***** DATA PROVIDED *****
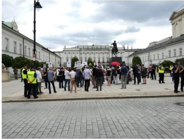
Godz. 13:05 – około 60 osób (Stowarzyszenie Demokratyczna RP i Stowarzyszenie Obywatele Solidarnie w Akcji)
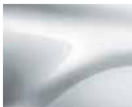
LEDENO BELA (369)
*****
***** DATA PROVIDED *****
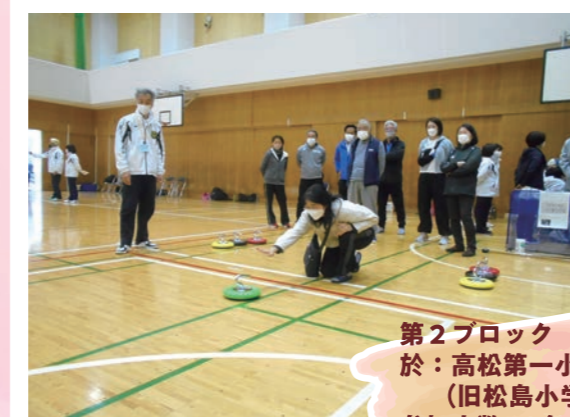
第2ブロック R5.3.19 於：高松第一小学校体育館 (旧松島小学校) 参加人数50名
*****
● **TASK TO CARRY OUT**
Would you output only the span of the records above that opens with the line containing "Godz. 13:05 –" and closes with the line containing "LEDENO BELA (369)", ends included and pictures dropped?

● **RESPONSE BOX**
Godz. 13:05 – około 60 osób (Stowarzyszenie Demokratyczna RP i Stowarzyszenie Obywatele Solidarnie w Akcji)
LEDENO BELA (369)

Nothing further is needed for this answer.